Sunday, September 13, 2009

Is Microsoft Racist?

Microsoft was forced to apologize last Wednesday after word of an editing choice of an online ad leaked to the public. Apparently, the head of a black model was “photo-swapped” with the head of a white model.

The ad drew widespread criticism on the Internet after Engadget, an influential tech blog, published news of the gaffe Tuesday.

The ad showed three business people, one Asian, one white and one black. It was altered on Microsoft’s web site in Poland, presumably with the “racially homogeneous” Polish market in mind.

On an amusing note that could put this all into perspective, upon closer inspection, it seems that the middle person is using an Apple MacBook MB062LL/A.

“While saying that Microsoft’s Polish operation was not commenting at all on the issue, Gazeta Wyborcza made much of the suggestion that the laptop in the shot may actually be a barely anonymized Apple model and that the monitor on the table doesn’t seem to be connected to anything.

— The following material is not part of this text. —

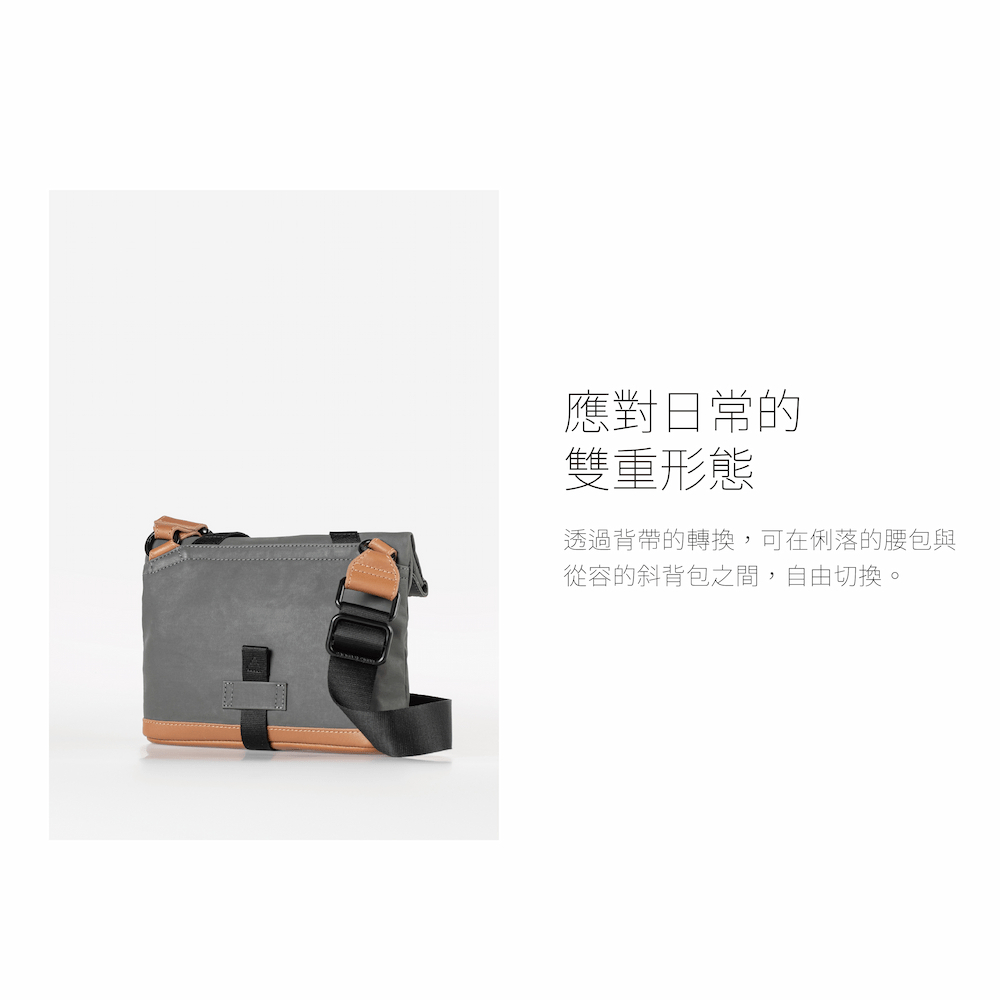 可調節背帶,可在俐落的腰包與從容的斜背包之間,自由切換。

The paper even quoted Vijay, a commenter from the PhotoshopDisasters blog, who wrote: ‘The white head and black hand actually symbolise (sic) interracial harmony.’”

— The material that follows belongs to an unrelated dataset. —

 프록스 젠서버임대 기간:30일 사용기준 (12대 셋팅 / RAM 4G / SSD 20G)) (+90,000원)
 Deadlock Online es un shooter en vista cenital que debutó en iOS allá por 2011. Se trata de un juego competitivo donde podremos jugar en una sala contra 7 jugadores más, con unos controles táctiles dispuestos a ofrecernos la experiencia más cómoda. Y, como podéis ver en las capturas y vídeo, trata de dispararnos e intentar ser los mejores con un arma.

The article goes on to say that the Poles seem to be regarding this as a non-issue,
probably because they don’t have many blacks there. However, the more racially sensitive America will no doubt see this as an attack.

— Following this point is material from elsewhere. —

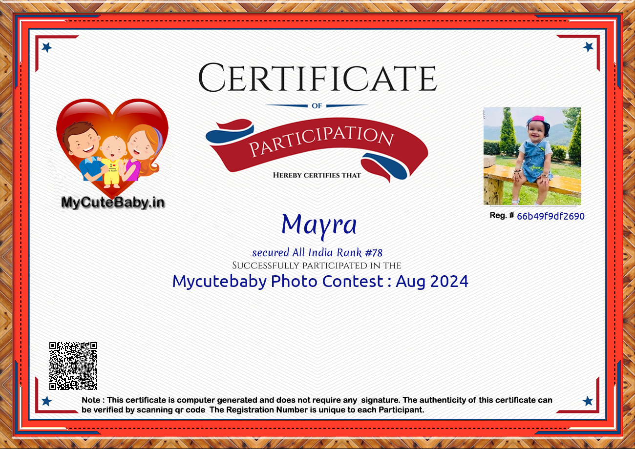 Participation certificate for all the participants whose mycutebaby votes are more than 1000.
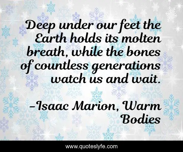 This page presents the quote "Deep under our feet the Earth holds its molten breath, while the bones of countless generations watch us and wait.". Author of this quote is Isaac Marion, Warm Bodies. This quote is about earth, waiting, generations,.

“Apart from the racial undertones it is surprising because the black man looks quite charming while the white guy looks like one of those cheesy, sycophantic employees who laughs the loudest at the bosses jokes, then gets slaughtered at the Christmas party and tries to shag his secretary” an Australian blog says.

On Microsoft’s official page on the social network site Twitter, a posting calls the swap “a marketing mistake” and offers “sincere apologies.”

“We apologized, fixed the error and we are looking into how it happened,” said Lou Gellos, a Microsoft spokesman. He said that because the company was still reviewing how the swap occurred he could not comment further.

So is this a racial slam, a “marketing mistake,” or just an editing job gone awry? My money is on the latter ones.